Task data
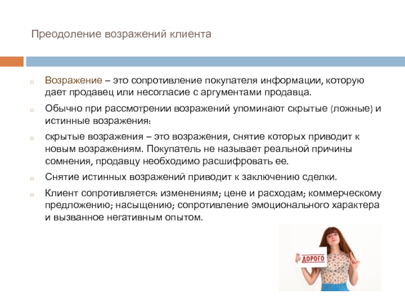 Возражение – это сопротивление покупателя информации, которую дает продавец
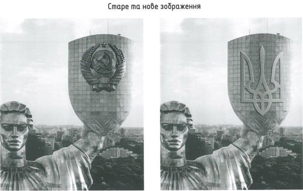 «Проєктними рішеннями передбачається влаштування тризуба на щиті монумента, який відповідає зображенню на малому Державному гербі України. Тризуб замінить старий радянський герб», – йдеться у повідомленні.
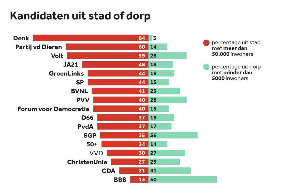 Wie dacht dat de Provinciale Staten Verkiezingen iets met de provincie te maken had. Helaas boerenkaas. Het is voornamelijk randstedelijk richeltuigh dat aan de vierjaarlijkse gemeenschapsgeldtiet probeert te lurken. Sinds deze week zijn alle kandidatenlijsten PS2023 (PDFS) naar demense in hun kieskring gestuurd, en de NOS heeft zitten turven (ze noemen het analyse) waar de huizen van de kandidaten nou helemaal wonen. En wat blijkt. Die wonen in de stad. Er zijn maar 3 partijen (SGP, CDA, BBB) met meer kandidaten uit een dorp dan uit de stad. Ook opmerkelijk. Bij DENK mogen ze dus echt de deur niet uit en de Partij van de Dieren heeft nog nooit een dier van binnen gezien.
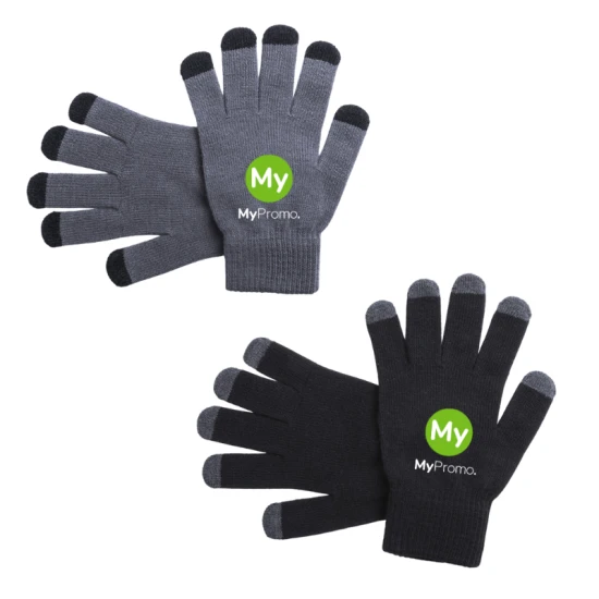 Pair of smooth and warm gloves for touch screen devices. Acrylic finish.
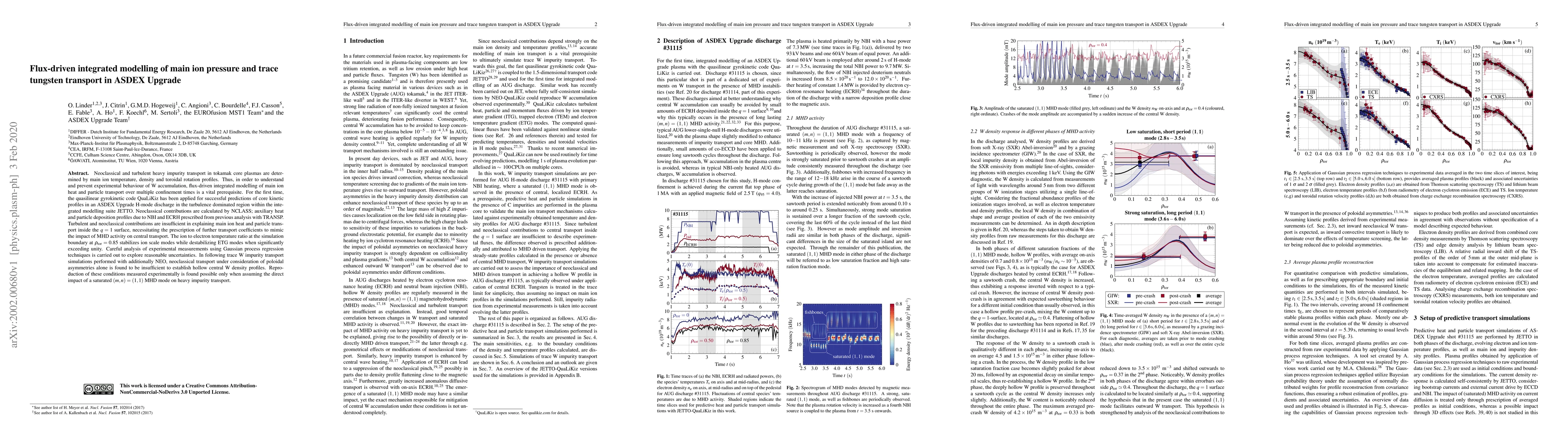 This work is novel in its combined use of QuaLiKiz, NCLASS, and TRANSP for flux-driven modelling of main ion pressure and trace tungsten transport, providing insights into the role of neoclassical and turbulent transport as well as MHD activity.
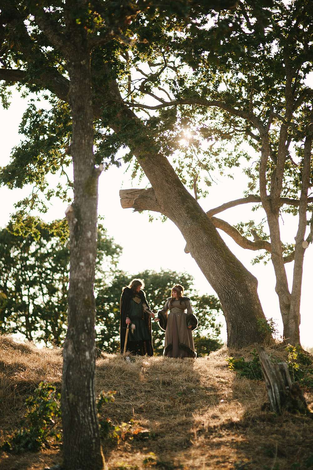 “What Karlee left out of her emails was that she had created outfits (on her own) and wanted a Game of Thrones themed session. So, Karlee & Justin had feathers, leathers, furs, badass belts – you name it, Karlee had dreamt up the entire session and designed and created everything. When we saw them dressed as they were, we joked that they would probably pull a sword out of the trunk of the car. Sure as hell, they pulled swords out of the trunk of their car. The session was awesome, because it was totally ‘them’. They wanted a memorable session that suited their personalities, and they definitely made it happen.”

What to produce
Transcribe the entries from their first line to the line that holds "йдеться у повідомленні.", both included, and skip every picture.

Reply to the exercise
 Возражение – это сопротивление покупателя информации, которую дает продавец
 «Проєктними рішеннями передбачається влаштування тризуба на щиті монумента, який відповідає зображенню на малому Державному гербі України. Тризуб замінить старий радянський герб», – йдеться у повідомленні.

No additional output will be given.